Combining these fused data with sensor-location information on a host computer allows the operator to visually locate any potential sniper threat within seconds of its occurrence. According to Mo Azimi, president and CEO of ISTI, this distributed collaborative processing provides an effective means of capturing muzzle blasts and/or ballistic shockwaves while overcoming line-of-sight and multipath problems common in urban environments. “Moreover,” he says, “such systems offer stealthy operational capability and the ability to handle multiple sniper shots without confusion.”
Using 15 randomly distributed nodes (inset), a host PC displays the results of four different sniper positions overlayed onto a digital map with a localization accuracy of better than 1.2 m.
ISTI teamed with designers at Vanderbilt University (Nashville, TN, USA; www.vanderbilt.edu) to develop a combined vehicle- tracking and transient-event-detection sensor board that features five analog input channels. “Four of these channels use 12-bit analog-to-digital converters (ADCs) and sampling resolutions that provide the 1-µs temporal resolution required for gunshot detection and localization,” says Kumar Srinivasan, a member of the Technical Research Staff at ISTI.

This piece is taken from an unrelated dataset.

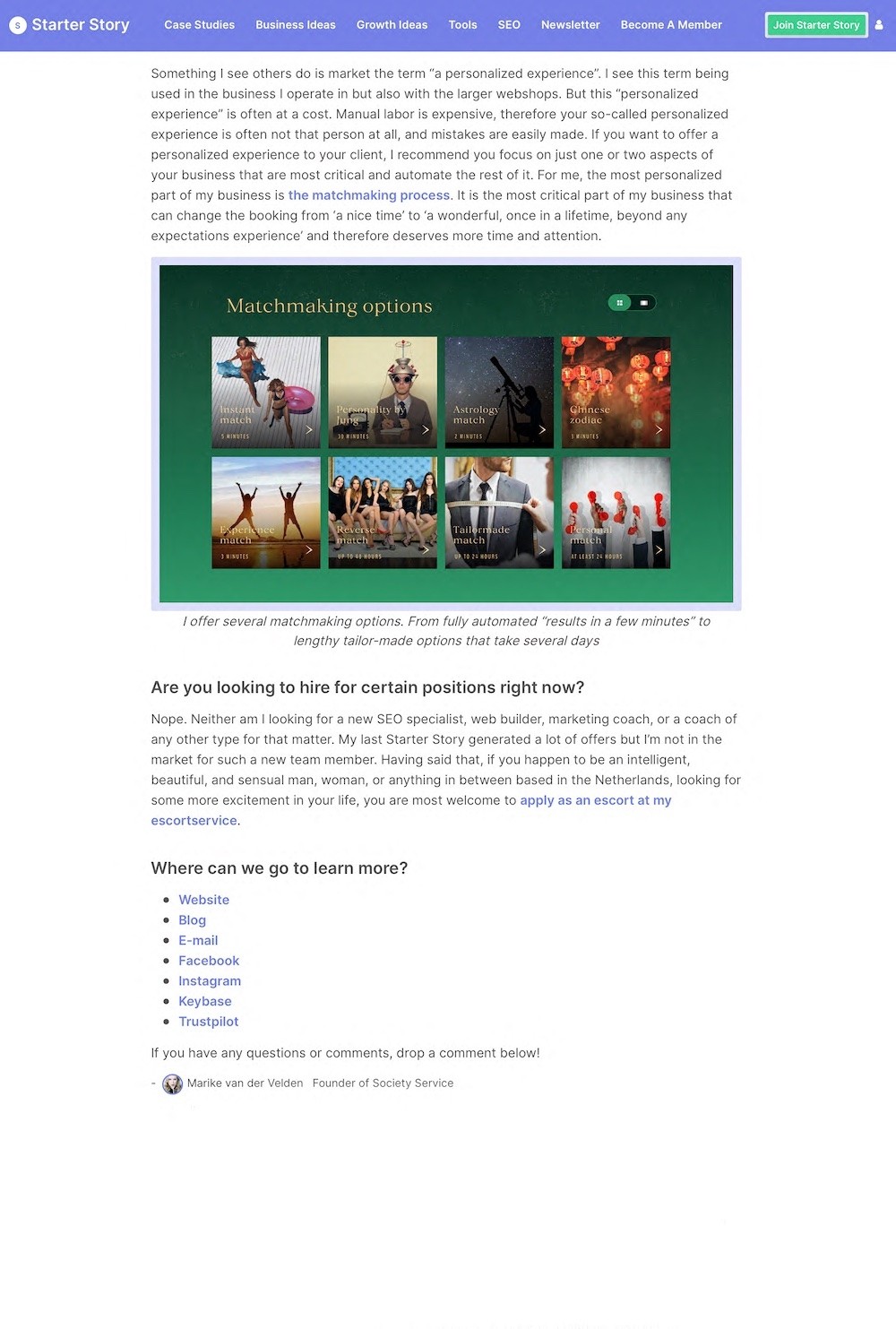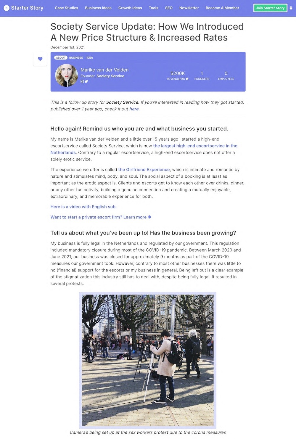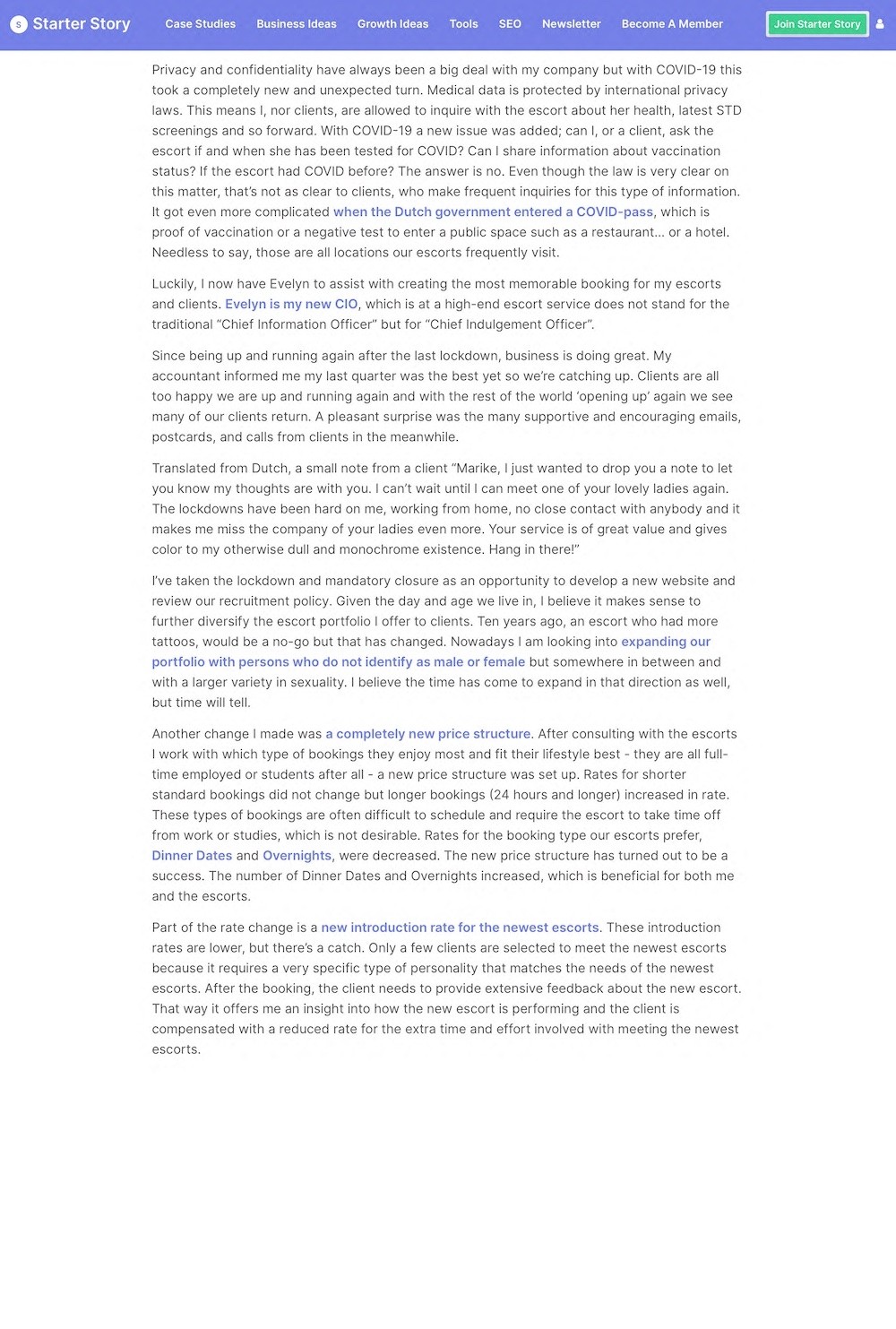 Op 5 oktober 2020 publiceerde Starter Story een case study over onze high class escortservice. Starter Story is een online platform waar succesvolle ondernemers worden geïnterviewd en de verhalen achter hun bedrijf delen. Ruim een jaar later vroeg Starter Story ons om een update te geven over onze high-end escortservice. Het interview is in het Engels te vinden op de website van Starter Story en een vertaling is hieronder te lezen.

Using an on-board Spartan 3L FPGA from Xilinx (San Jose, CA, USA; www.xilinix.com), these channels are operated in a synchronous fashion. The fifth channel, however, uses a 16-bit ADC and operates at 100 kS/s, used primarily for vehicle tracking. The board also uses a Chipcon CC1000 radio that provides the added capability for sensor self-localization with phase interferometry. The analog channels can also be used for other sensor modalities such as seismic and low-resolution IR.
The sensor board can be interfaced to a TelosB mote from Crossbow Technology (San Jose, CA, USA; www.xbow.com) over an I2C interface. This mote provides the system with an IEEE 802.15.4 radio interface from which captured and processed data can be transmitted to a PC-based wireless base station.

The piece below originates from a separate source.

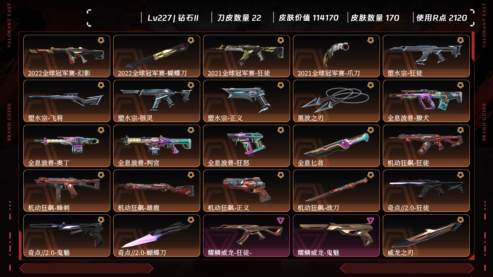 [13719254]R33515 Lv227 ,皮肤总价值114170,钻石II,总皮肤170,刀皮22枪皮148(终极2传奇28卓越15),套装8(传奇6卓越2),2021全球冠军赛套装,塑水宗套装,奇点2.0套装,耀鳞威龙套装,具体详情看图无畏契约 - wegame -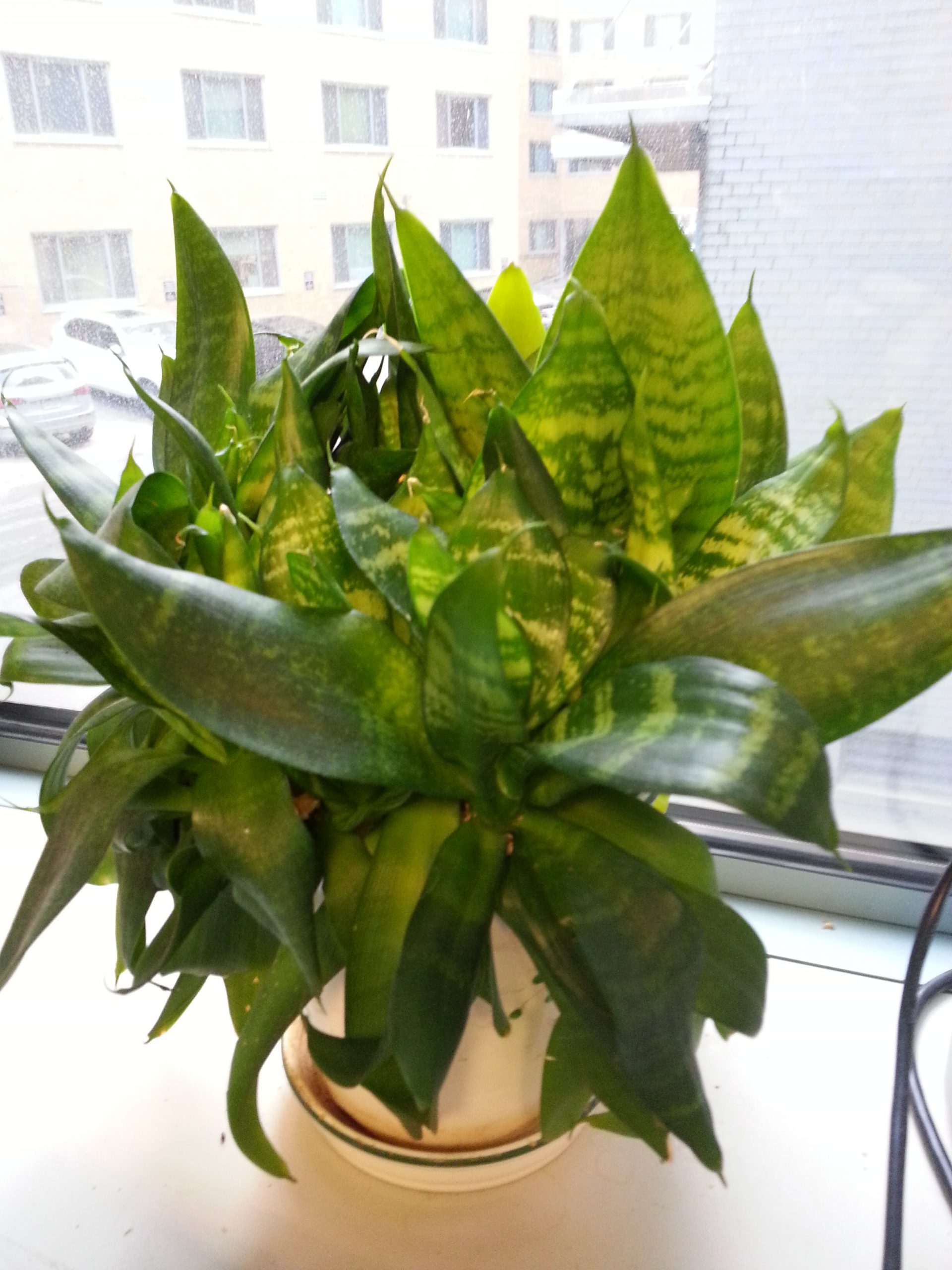 It’s very easy to maintain, clumps together in a small pot, has splotchy horizontal stripes, and narrowish leaves.

“To localize a specific transient event,” says Srinivasan, “the sensors need to determine the onset of an event, the presence of a militarily significant transient signature, and its duration.” The presence of a transient event in signals received by all the sensors is determined using a power-based detection method. At each sensor, a number of samples are taken and the energy of the recorded signal computed in the FPGA board. To detect the presence of a transient signal, the FPGA checks whether two consecutive snippets have energy greater than a predetermined value. The end of the transient signal is computed by checking if three consecutive samples have an energy of less than a second predetermined value.
“In this way,” says Srinivasan, “the method detects the existence of an acoustic transient signal and the onset and duration of the signal.” To form a complete sensor system, the sensor board is interfaced to the TelosB mote, five WM-64 omnidirectional microphones from Panasonic (Secaucus, NJ, USA; www.panasonic.com), an external antenna, and a battery pack (see figure). “The ISTI sensor board provides substantial sensor-level computational power that cannot be offered by the mote alone,” Srinivasan says.
The entire distributed network, consisting of several sensor nodes, is controlled globally using a MATLAB-based GUI from The Math Works (Natick, MA, USA; www.mathworks.com) that runs on a PC at the base station. After the synchronized time series of transient events arrive at the base station, a localization algorithm converts the corresponding time difference of arrivals to the event location using the GPS location of the sensor. GPS-encoded map data on the host computer are then used to display the location of transient events relating to sniper activity.